Indian religious leader (1871–1906)

Swarupananda (8 July 1871 – 27 June 1906) was a direct monastic disciple of Vivekananda and the first president of the Advaita Ashrama, set up by Vivekananda in 1899 at Mayavati, near Champawat. The ashram is a branch of the religious monastic order, Ramakrishna Math, also set up by Vivekananda on the teachings of his guru Ramakrishna.

Swarupananda remained as editor of Prabuddha Bharata, an English-language monthly journal of the Ramakrishna Order, when it shifted base from Chennai in 1898 and remained so till 1906.

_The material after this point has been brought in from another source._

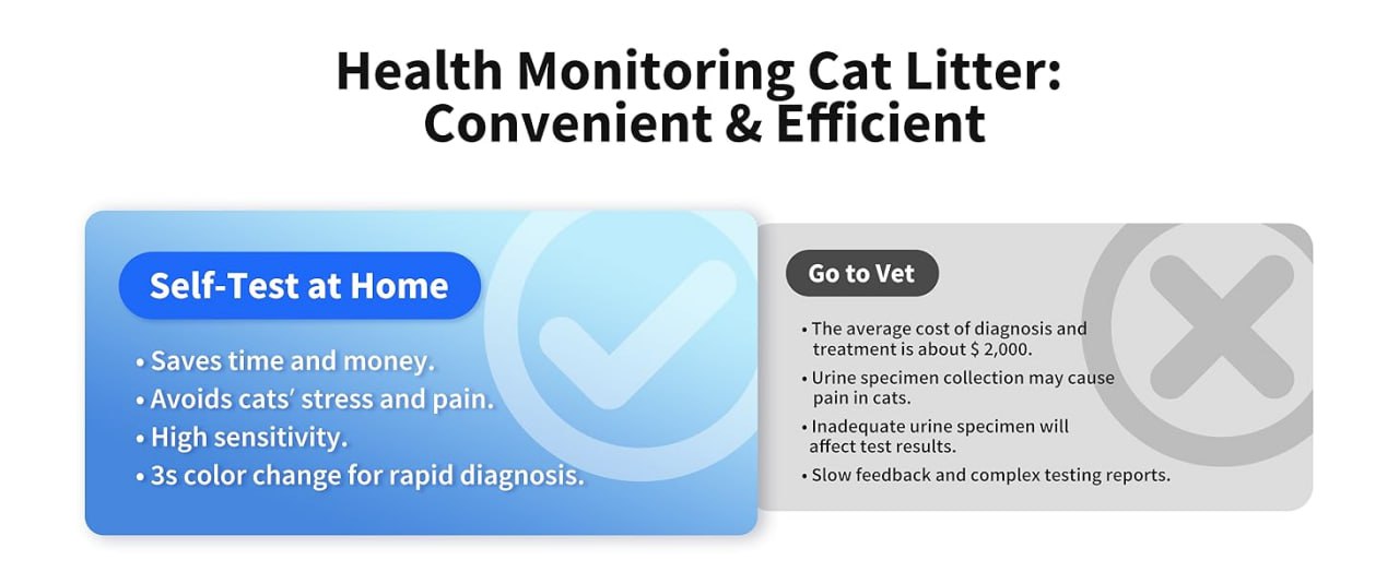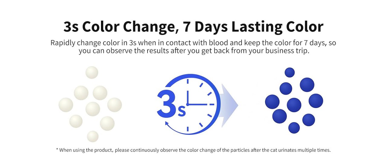 🎯 PETKIT 2024 new mixed cat litter, which changes colors to help monitor your cat’s urine to detect potential illness for your cats early. The test particles will change color in 3 seconds when exposing to colorless trace blood in cat's urine, and maintain the color for 7 days, which can remind you of your cat's health.

Vivekananda exclaimed to Sara Bull and other friends about the young disciple whom he had initiated into the monastic order, "we have made an acquisition today."

==Pre Monastic life==
Swarupananda's pre monastic name was Ajay Hari Bannerjee. He was born on 8 July 1871 at Bhawanipur in Calcutta, in a well-to-do Brahmin family. Early experiences with sorrows and tribulations in life and human misery inspired him to develop a spiritual outlook.
He developed friendship with Satishchandra Mukherjee, who was in his later years a patriot and a scholar, and together started a school for imparting knowledge of Indian scriptures and Sanskrit education. The aim of the school was spread noble ideas among student community. They also started a monthly magazine, named as Dawn and Ajay became its first editor. In 1897 Ajay inspired his friend Satishchandra to start the Dawn Society. The journal Dawn had made a lot of contribution to national education and to the freedom movement. Till Ajay Hari embraced monastic life, he and Satishchandra acted as joint editors.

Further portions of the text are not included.